There's not much I can say about this topic that Mike Davidson haven't already said. He points out something really important in his essay about why his site isn't valid according to the W3C Markup Validation Service.
this site renders my entire domain XHTML 1.0 Non-Compliant. Invalid. Erroneous. Whatever you want to call it. Here are the various crimes this one line of code commits:
- An ampersand is not properly encoded
- An alt tag is missing
- An attribute called “myfavoritetag” is made up
- An attribute is missing quotes
- A script tag is missing its type and language attributes
- A non-closing tag is missing its trailing slash
- A tag is upper case… gasp!
-- Mike Davidson, http://www.mikeindustries.com/blog/archive/2004/06/march-to-your-own-standard
The point here is that it would take Mike only a few seconds to fix these errors. Heck, he even added them himself through using his "Invalidator". The fact that Mike's site doesn't validate doesn't make it a bad site, neither does it suggest that he doesn't care about disabled users and accessibility. I'm guessing that Mike knows how to write valid code, maybe even better than most site owners out there, but he has chosen to make his site invalid on purpose. Why?
Because it doesn't matter.
However, if your site only works with one browser and is created using browser specific, invalid code then it matters. If it's impossible for people with even the slightest disability to navigate through your site, then it matters even more.
I've used the W3C Markup Validation Service quite a lot when learning my way around HTML and CSS. It made me appreciate a well-formed and structured document, as a result of heavy use I am now able to write perfectly valid code according to the Markup Validation Service. However, every now and then I forget to add a trailing slash to a non-closing element and the result is that the validation of the site breaks. At least according to the XHTML 1.1-specification.

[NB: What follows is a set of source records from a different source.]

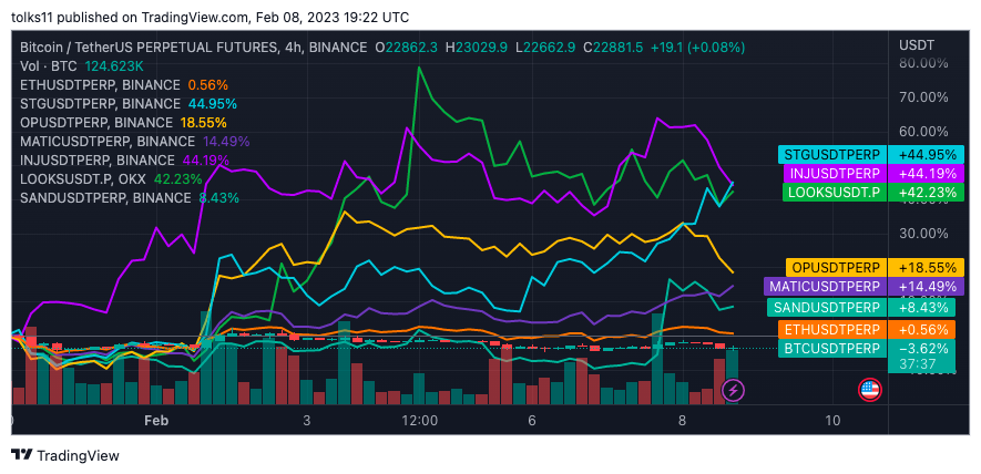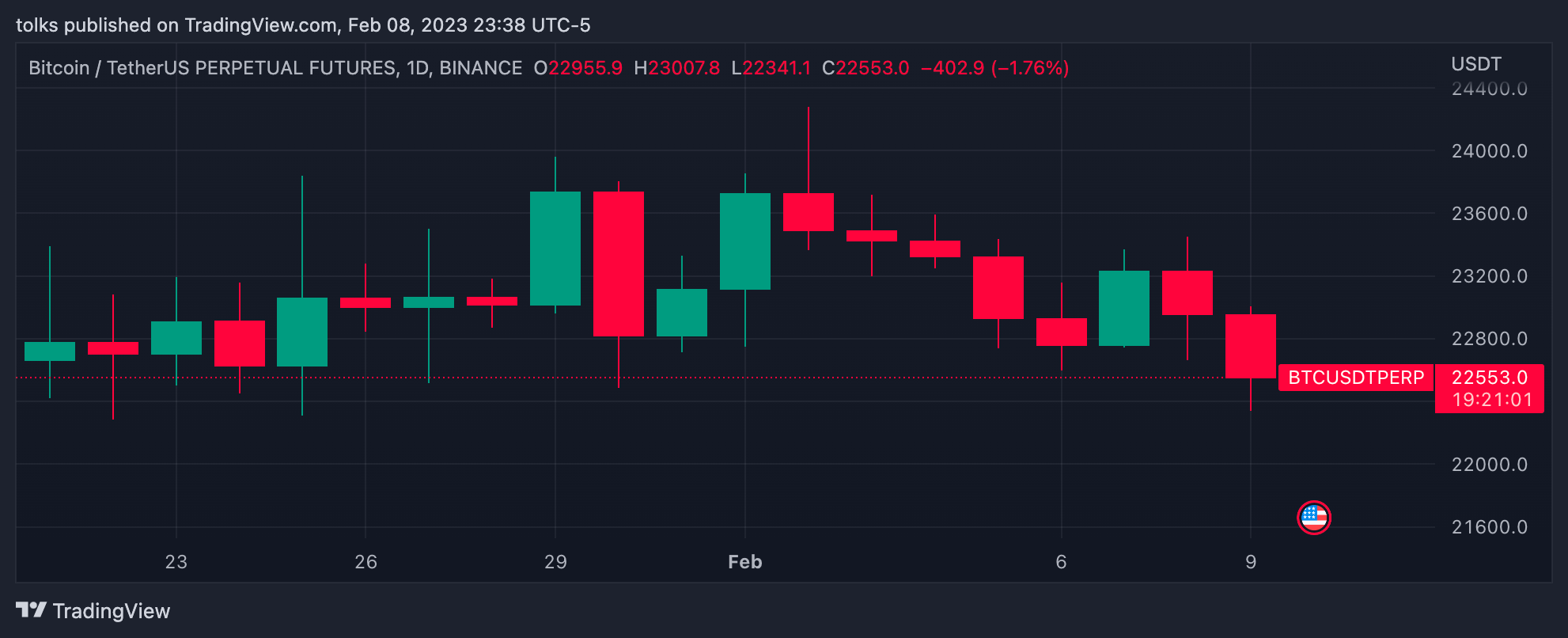 The past few weeks are a great example of this as the above picture shows that BTC’s price today, ~22.6k is effectively the same as it was on January 20th while also being down ~7% since the recent 24.3k peak a week ago. Importantly, in the two weeks prior to that screenshot, BTC went from 16.8k to ~22.6k, something I’m expecting to see often throughout the year. As the old adage goes, two steps forward, one step back.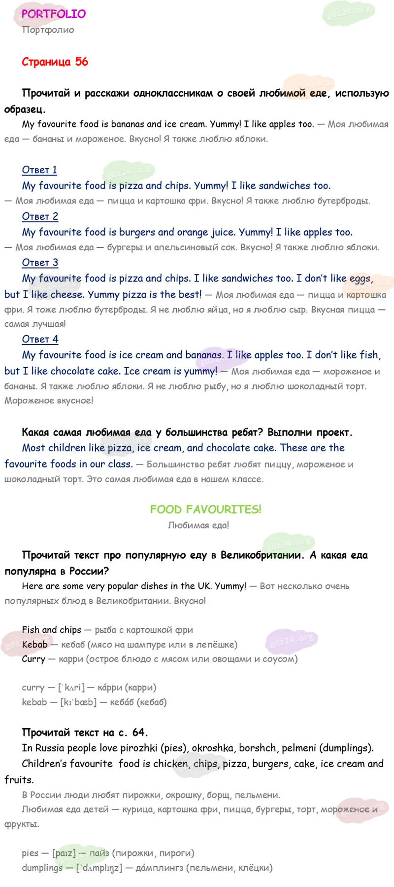 Прочитай текст про популярную еду в Великобритании. А какая еда популярна в России? Прочитай текст на с. 64.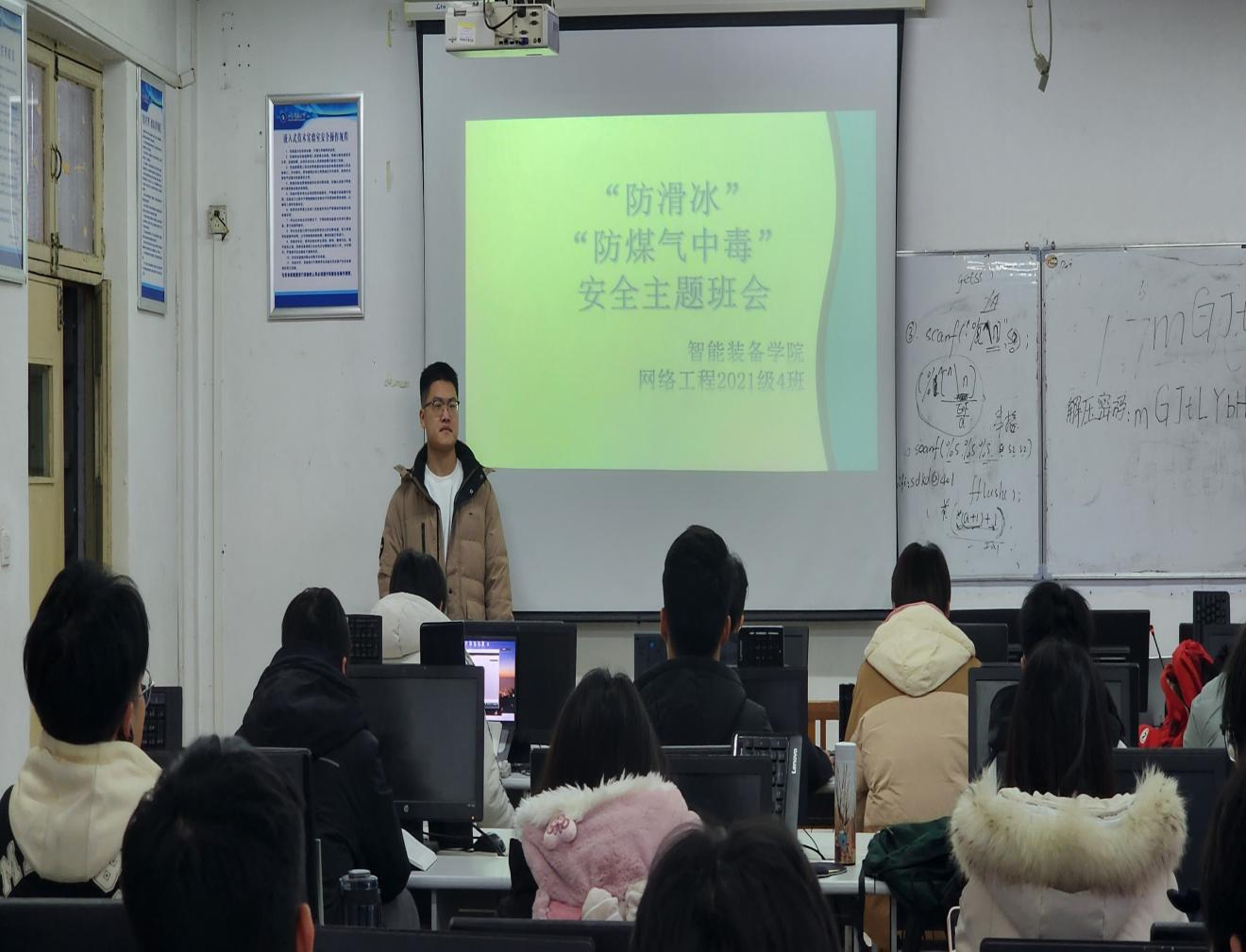 为提高大学生对冬季安全的警觉性,预防滑冰和煤气中毒等安全隐患,12月7日-8日,智能装备学院组织各班级召开预防滑冰与预防煤气中毒主题班会。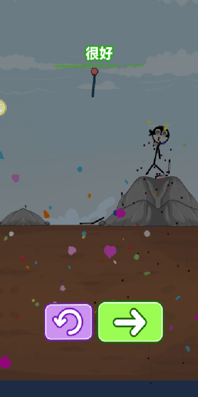 2、当你成功的将火柴人粉碎之后,会有很好的字样展示在屏幕上,你也可以解锁下一关。
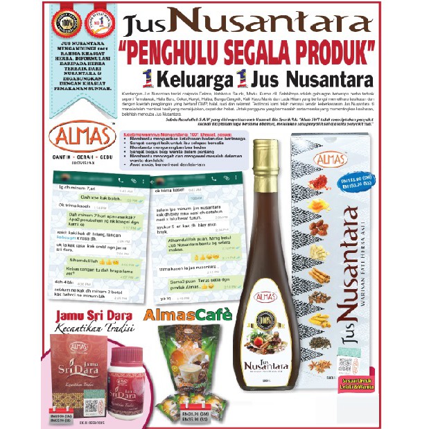 Jus Nusantara Almas Khasiat jus nusantara gold Jus nusantara testimoni Harga Jus Nusantara gold. HARGA PROMOSI JUS NUSANTARA ALMAS RM 130 2 FREE GIFT Isipada Jus Nusantara Almas. Pembuatan Jus Nusantara ini sangat bersih canggih moden dan dikilang di kilang yang bertaraf GMP Amalan Perkilangan Baik yang diluluskan oleh Kementerian Kesihatan Malaysia KKM Halal lagi Suci 100 keluaran Bumiputera dan tak perlu diragui lagi.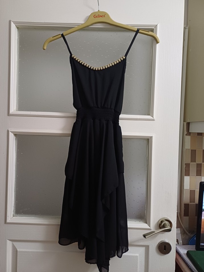 Fitted kesim siyah abiye elbise, askılı ve drapeli tasarımıyla gotik tarzı sevenler için ideal bir seçim. ✨beli lastikli ince ayarlanbilir askilari var etek asimetrik sekildedir arkasi capraz modeldir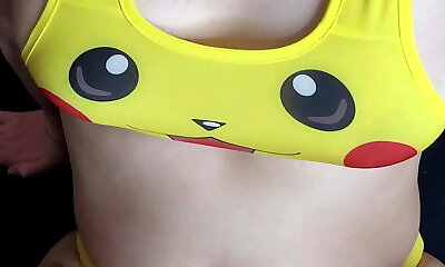горячая французская девушка, делающая косплей пикачу, получает толчок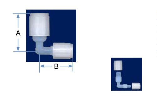| PFA Part No. | PVDF Part No. | Tube O.D. | Tube O.D. | Orifice | A | B |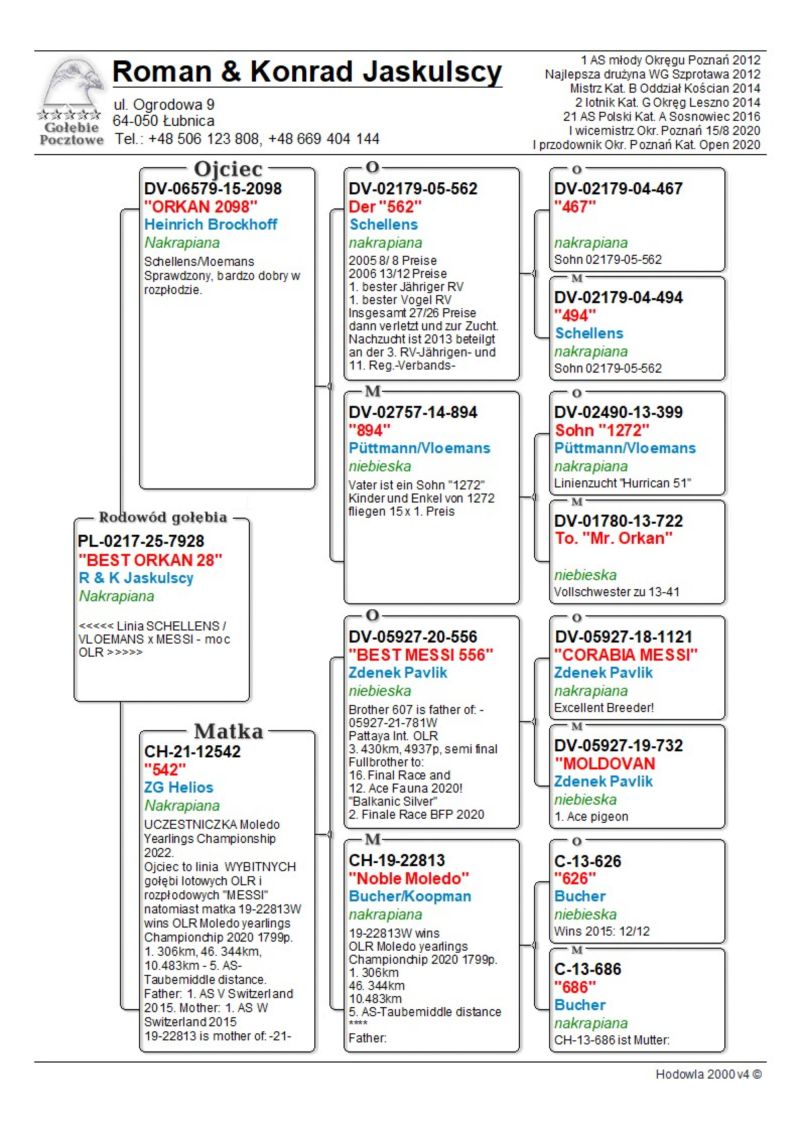 ***** UWAGA ***** Możliwy odbiór osobisty lub dostawa realizowana przez kuriera w cenie od 100 do 160 zł. (w zależności od kuriera) !!!!! <<<<< NA POCZATKU GRUDNIA 1 LOTKA DO ZRZUCENIA >>>>> Oryginalny gołąb z hodowli Romana & Konrada Jaskulskich. Szczegóły pochodzenia w rodowodzie. Gołąb gotowy do sezonu lęgowego, zaszczepiony Columba PHA i Columba RP oraz przeciwko salmonellozie (Salmo PT). Więcej informacji pod nr tel.: 506 123 808. Wpłata za gołębia na konto po zakończeniu aukcji. Możliwy odbiór osobisty lub dostawa realizowana przez kuriera w cenie od 100 do 160 zł. (w zależności od kuriera) *** ZAPRASZAMY RÓWNIEŻ NA INNE NASZE AUKCJE ***

The point is that if your entire design is perfectly flawless, the site behaves as it should and the accessibility for even disabled users has been taken care of, the validation doesn't really matter. For some users it might be a sign of good standard when a site has the "Valid XHTML 1.0 Transitional"-emblem. However, as Martin Bekkelund writes in his post "Validation buttons are not for the common webpage", the people who
finds validation interesting knows how to validate a webpage without the validation buttons. [...] the validation buttons are signs of good craftsmanship, you may say. They sure are! However, it’s my opinion that neither validation buttons nor validation links belongs to the common webpage
-- Martin Bekkelund, http://notebook.bekkelund.net/2005/05/05/validation-buttons/
I totally agree! If you're a novice user chances are that
- Don't know what valid (X)HTML means
- You don't know what HTML is (and why should you? Let other people worry about that)
- You don't care
Considering all this, it really doesn't matter whether or not your site validates. What you should be more concerned about is what the W3C recommend you do on their Quality Assurance-page, but most of all you should listen to your users on how to improve your site.